Fast, its capable of 1G/second streaming.
Lazy, can encode/decode in constant space.
Functions to put/get atomic types
Compositional
Widely-used, is one of the top 5 most-used Haskell libraries

Complains made about this Binary library:

Lazy operations result in asynchronous exceptions, which can be hard to deal with.
Some people confuse the Put/Get and Binary class, since these operate at different levels.

2. "cereal: Data.Serialize" by Trevor Elliot

Trevor presented the Data.Serialize library ("cereal" package on hackage) that he maintains at http://hackage.haskell.org/package/cereal
The Binary library's lazy nature results in asynchronous exceptions that are difficult to deal with. Instead, the Seralize library adds a Get monad that's an Exception and State monad to provide continuations for success and failure, which is clearer.
The Binary library's lazy nature results in overhead maintaining the stream's state and doing housekeeping on the constant space buffers. Instead, the Serialize library processes a strict byte stream, which makes it faster and simpler.
The Serialize library preserves compatibility with many of Binary's functions.
Added "label" function to annotate data to make it possible to track parsing errors.
Added "isolate" function to read specific bytes from a strict bytestream and if there's an issue, returns a failure and label to identify the problem. Adds useful combinators, such as "getListOf", "getTwoOf", etc.

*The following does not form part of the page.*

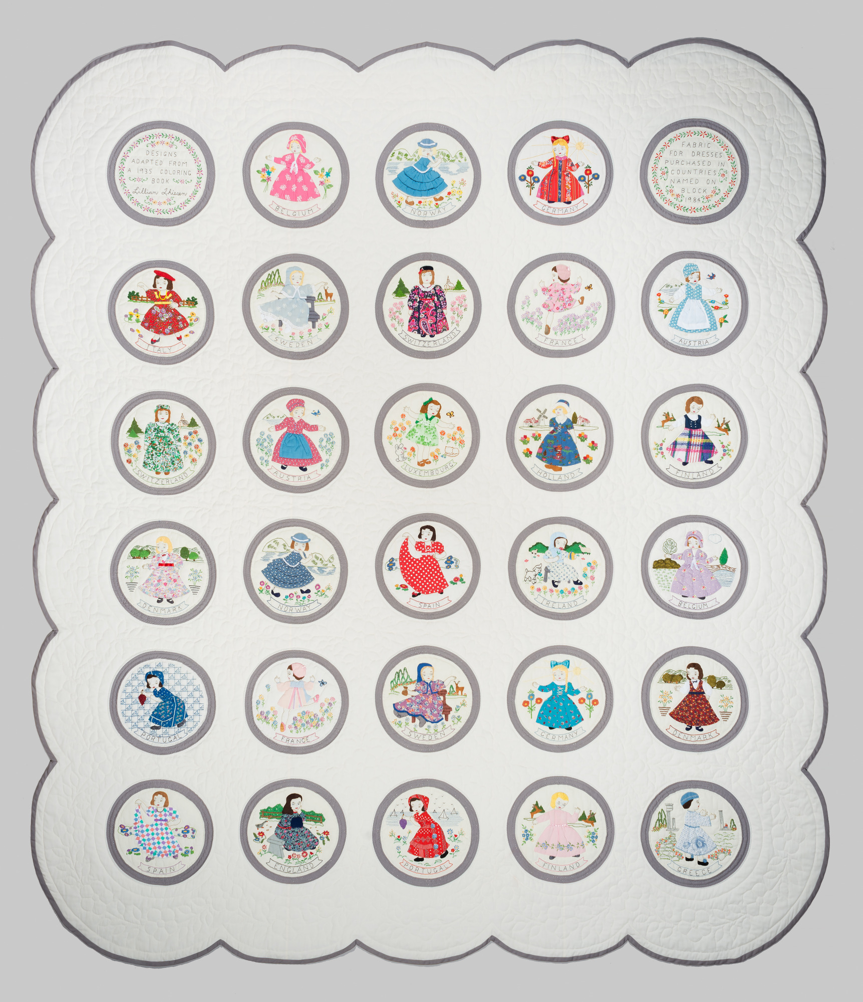 Figures of girls in European dress are adapted from 1939 coloring book. This quilt won a prize at the California State Fair in 1985.

3. "Linux Kernel Modules in Haskell" by Thomas DuBuisson

Thomas' talk featured very detailed, standalone slides that you can get from http://www.galois.com/~lerkok/techSeminarSlides/KernelModulesInHaskell.pdf
Also see his project site at http://haskell.org/haskellwiki/Kernel_Modules

4. "Command line argument parsing" by Bart Massey

Bart presented a number of libraries for parsing command line arguments in Haskell.
System.Console.GetOpt

Details at http://www.haskell.org/haddock/libraries/System.Console.GetOpt.html

It's a Haskell port of the C "getopt" library.
Bart felt it was very awkward and ugly.

System.SimpleArgs

Details at http://hackage.haskell.org/package/simpleargs
True to its name, it's very simple and lacks many features, but it may be good for simple tasks.
Julian described it as terrifying.

parseargs

Details at http://hackage.haskell.org/package/parseargs
Bart wrote it and seems to like it. :)
The Haskell code that one writes to describe the options seemed much clearer and more descriptive, although more verbose, than the alternatives.
Uses functions like `getArgInt` that can fail if it can't parse them, which can result in very confusing errors.

Console.cmdargs

Details at http://hackage.haskell.org/package/cmdargs
Recently published library with potential.
Uses combinators to describe how to parse the arguments and options. While this approach is powerful, it's also rather awkward to write and difficult to read.

What's the next parser?

Bart discussed an unwritten parser that uses a different approach that has potential to improve things, where the user writes XML in a standardized documentation format and generates a parser for it, so the parser and documentation stay in sync.
Igal showed a somewhat similar approach in Perl's GetOpt::Declare parser. You write a documentation string that follows some conventions and instantiate a parser with it to describe the rules. Although its documentation string format isn't as structured as Bart's XML, it's very clear and easier for most humans to reason about. Details: http://www.perlmonks.org/?node_id=56048

5. "Control.Monad.Random" by Julian Blake Kongslie

Julian presented a library that makes it easier to generate random data in Haskell. Example at http://hackage.haskell.org/packages/archive/MonadRandom/0.1.4/doc/html/Control-Monad-Random.html#1
It lets you carry around a generator that you can easily get values from.
Offers useful but badly-named `fromLists` function that gives statistical weights to values it can return.
However, it's inefficient if you need to pull many values out of it.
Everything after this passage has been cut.